(Collected data entries)

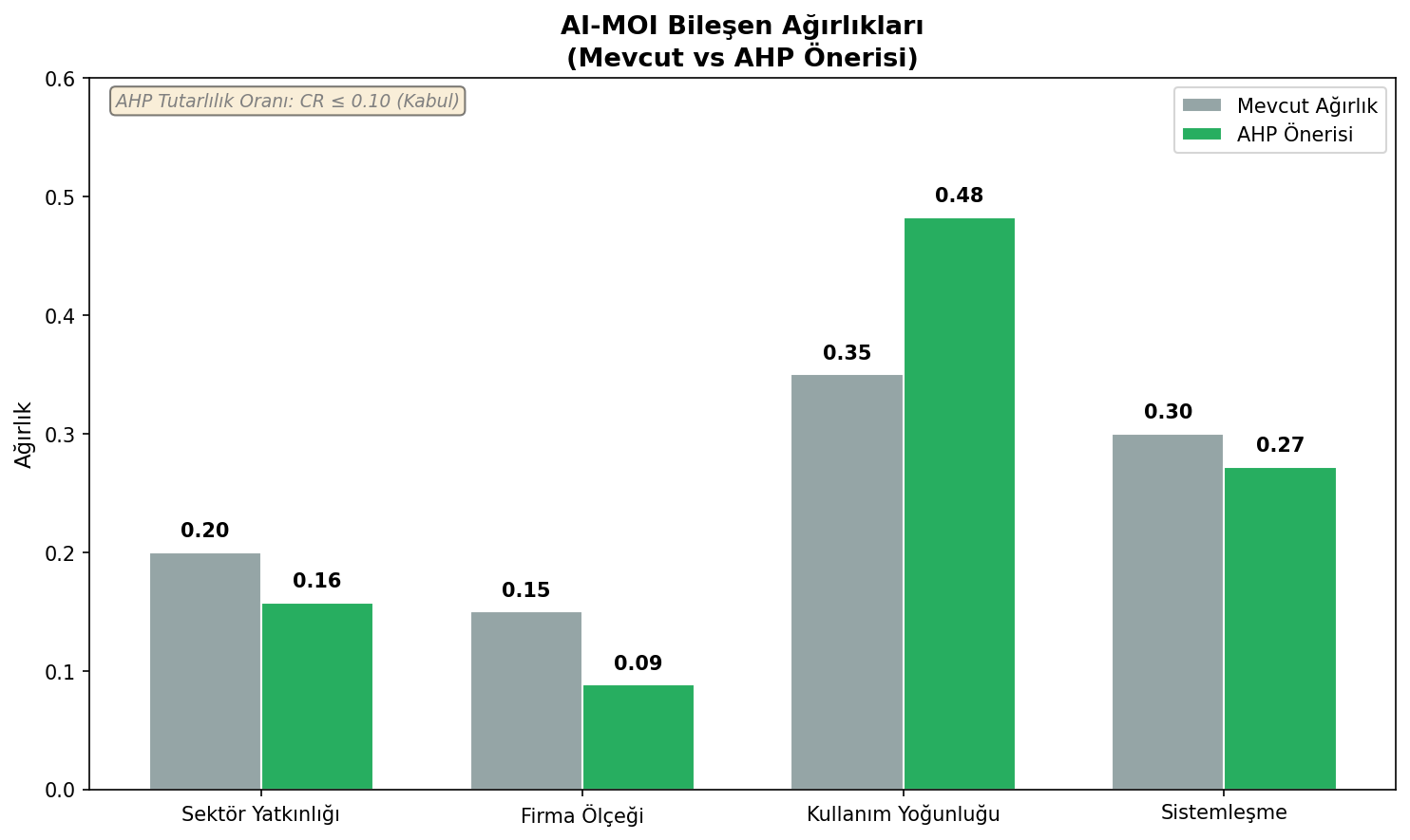 Bileşen ağırlıklarını doğrular. Tutarlılık oranı CR≤0.10 sağlandı. Kullanım Yoğunluğu (0.48) en yüksek ağırlığa sahip, Sistemleşme (0.27) ikinci sırada.
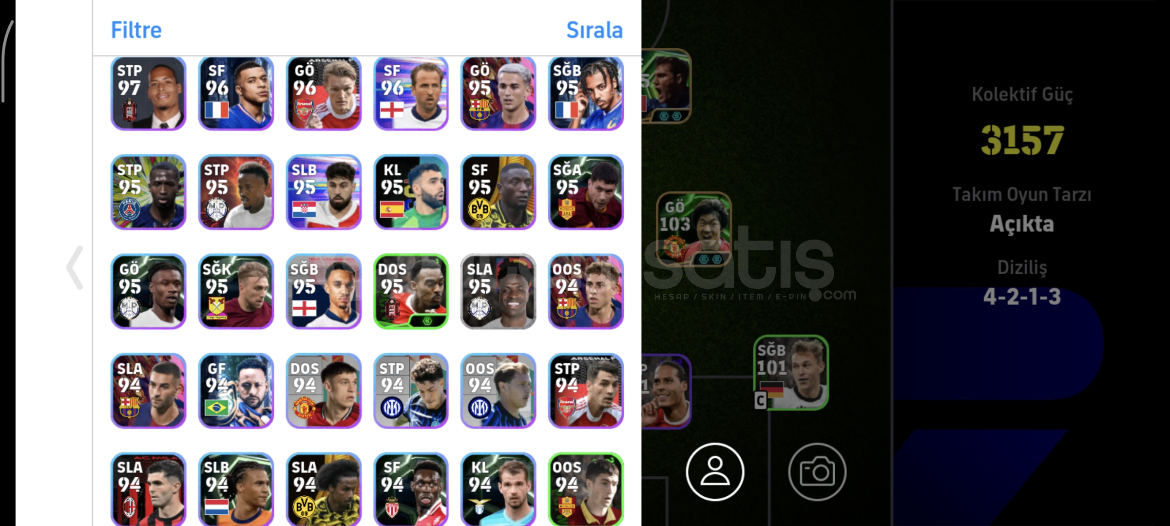 ANDROİD İOS TEK BAĞ KONTROL EDİLDİ -MC YOK 3157 KOLEKTİF GÜÇ2 BOMBACI 105 LAUTRO MARTİNEZ 105 VİERİ DİĞER EPİCLER 101 DAVİNSON SANCHEZ 102 TORRES 103 PARK Jİ SUNG 102 VAN NİSTERROLY 3.KLASMAN GÜZEL SÜPER LİG KADROSU VE POTW KADROSUÖZEL MENAJERLER FABREGAS VE AMORİMREZERV GÜZEL FIRSAT HESABI KAÇIRILMAZ
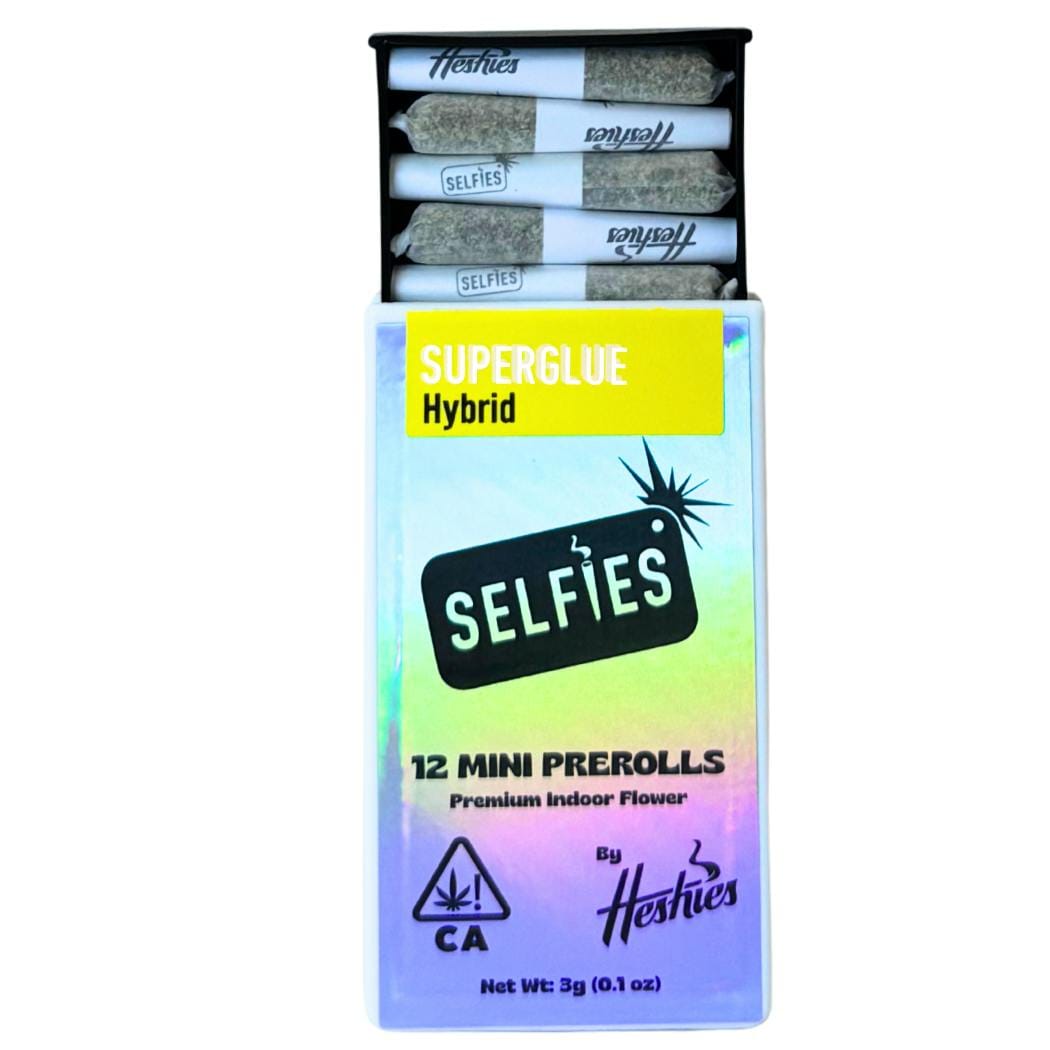 Superglue Prerolls - 12 Pack 3 Grams is a pre-roll by Selfies (3g). Available for pickup and delivery at Atrium dispensary in Los Angeles.
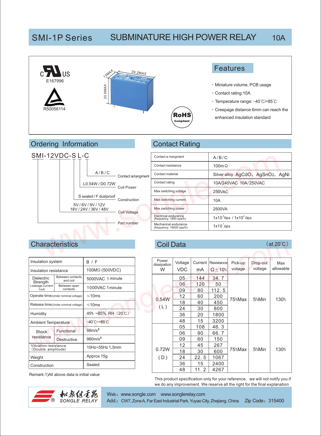 Datasheet SMI-1P Songle Relay
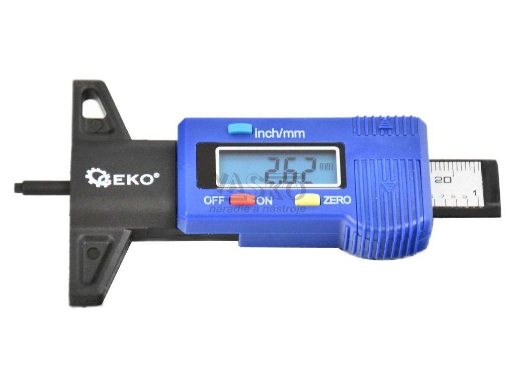 Digitálny merač hĺbky dezénu pneumatiky, 0-25,4 mm, GEKO
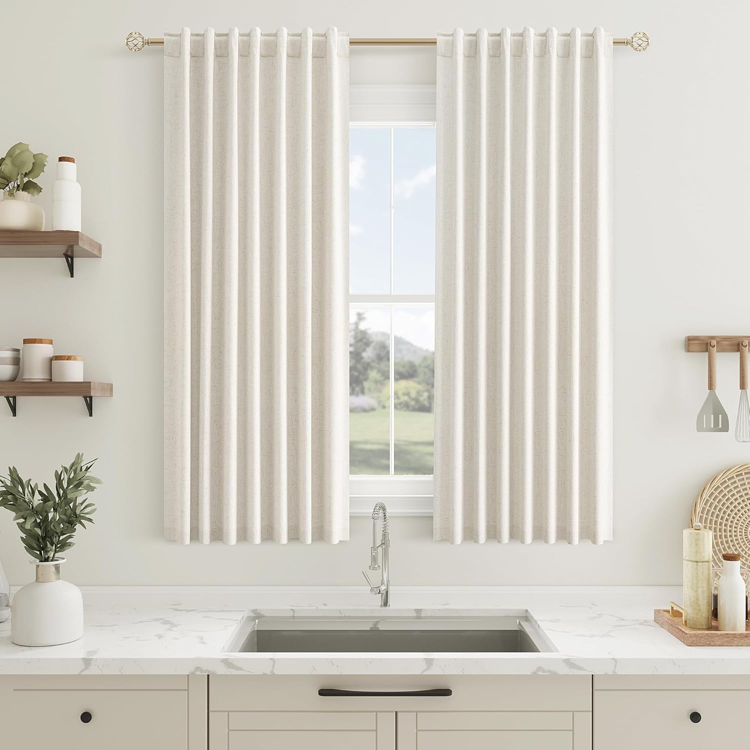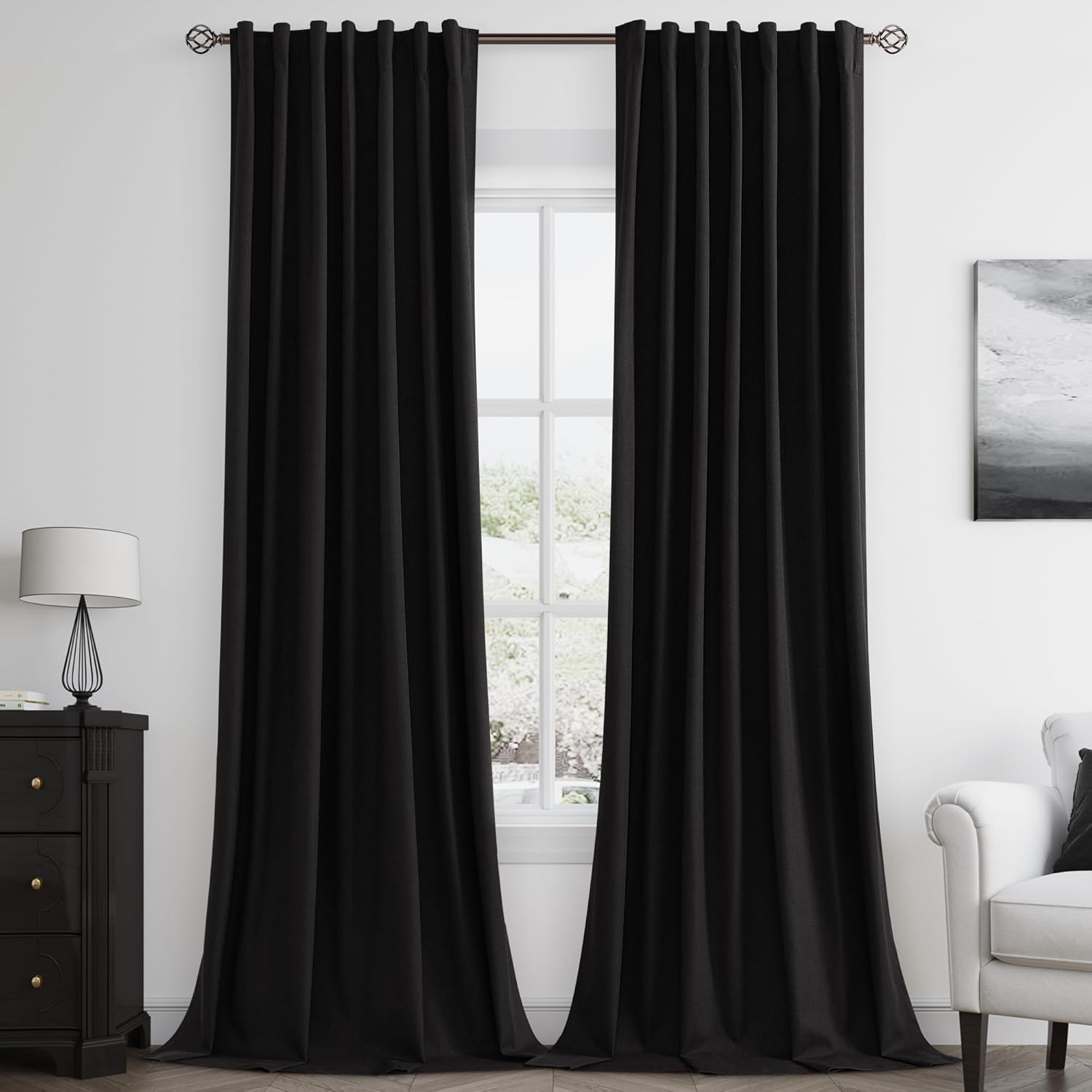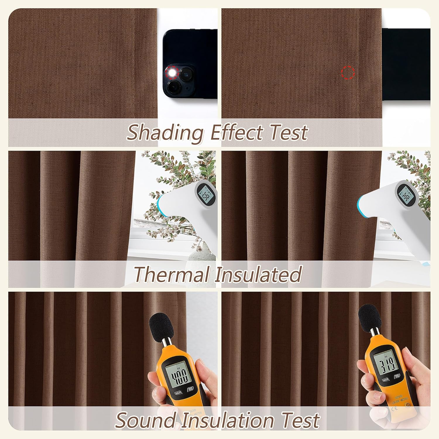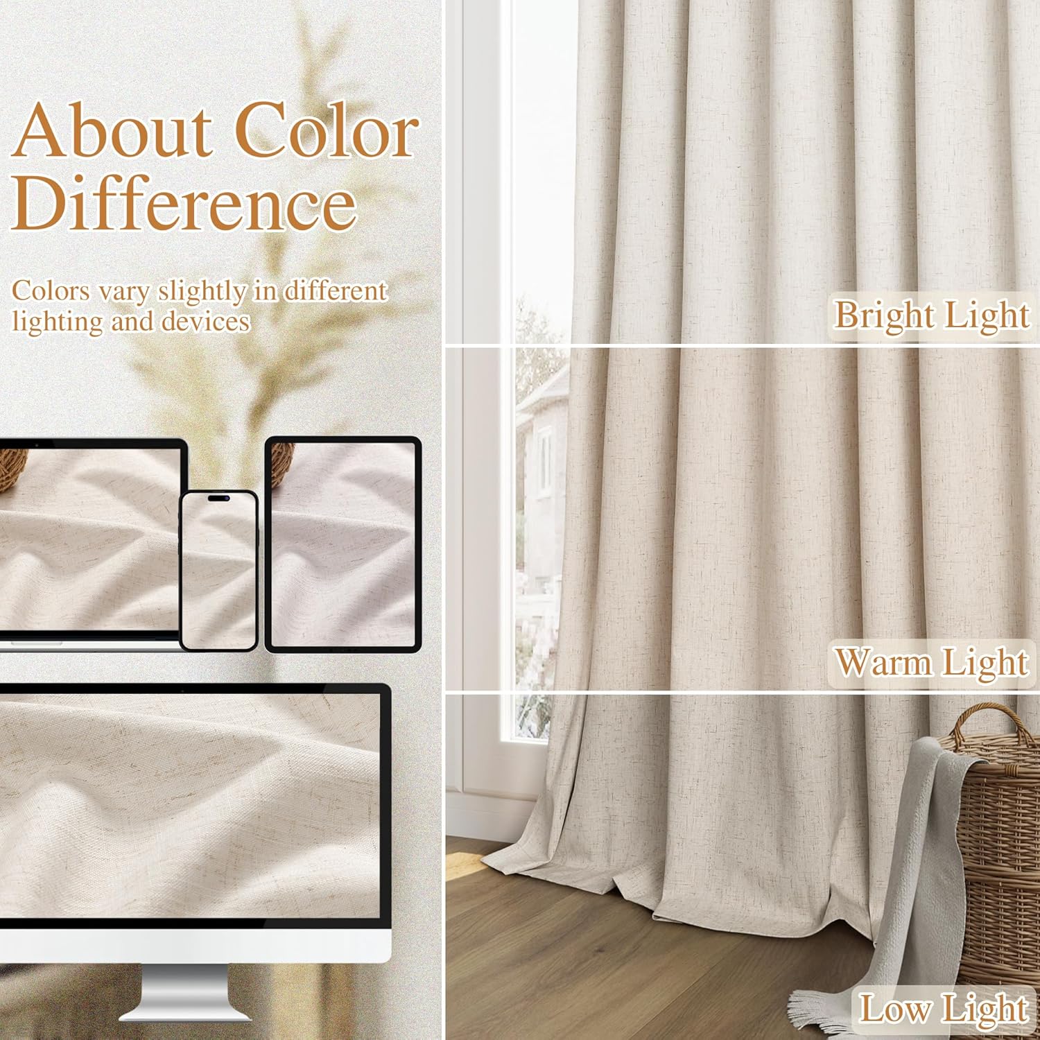 - 100% Blackout Curtains: A full blackout white coating is attached to the back of our linen curtains, blocking 100% of sunlight and UV rays. Provide you a complete private and personal space for a sweet sleep or rest. Good choice for bedrooms, nursery, living rooms, offices, patio door. Also perfect for babies, night shift workers and people sensitive to light

§ Exercise goal: Can the lines from the one with "ANDROİD İOS TEK" to the end of the records above be quoted exactly, both ends included, with every picture omitted?

§ Completed exercise:
 ANDROİD İOS TEK BAĞ KONTROL EDİLDİ -MC YOK 3157 KOLEKTİF GÜÇ2 BOMBACI 105 LAUTRO MARTİNEZ 105 VİERİ DİĞER EPİCLER 101 DAVİNSON SANCHEZ 102 TORRES 103 PARK Jİ SUNG 102 VAN NİSTERROLY 3.KLASMAN GÜZEL SÜPER LİG KADROSU VE POTW KADROSUÖZEL MENAJERLER FABREGAS VE AMORİMREZERV GÜZEL FIRSAT HESABI KAÇIRILMAZ
 Superglue Prerolls - 12 Pack 3 Grams is a pre-roll by Selfies (3g). Available for pickup and delivery at Atrium dispensary in Los Angeles.
 Datasheet SMI-1P Songle Relay
 Digitálny merač hĺbky dezénu pneumatiky, 0-25,4 mm, GEKO
 - 100% Blackout Curtains: A full blackout white coating is attached to the back of our linen curtains, blocking 100% of sunlight and UV rays. Provide you a complete private and personal space for a sweet sleep or rest. Good choice for bedrooms, nursery, living rooms, offices, patio door. Also perfect for babies, night shift workers and people sensitive to light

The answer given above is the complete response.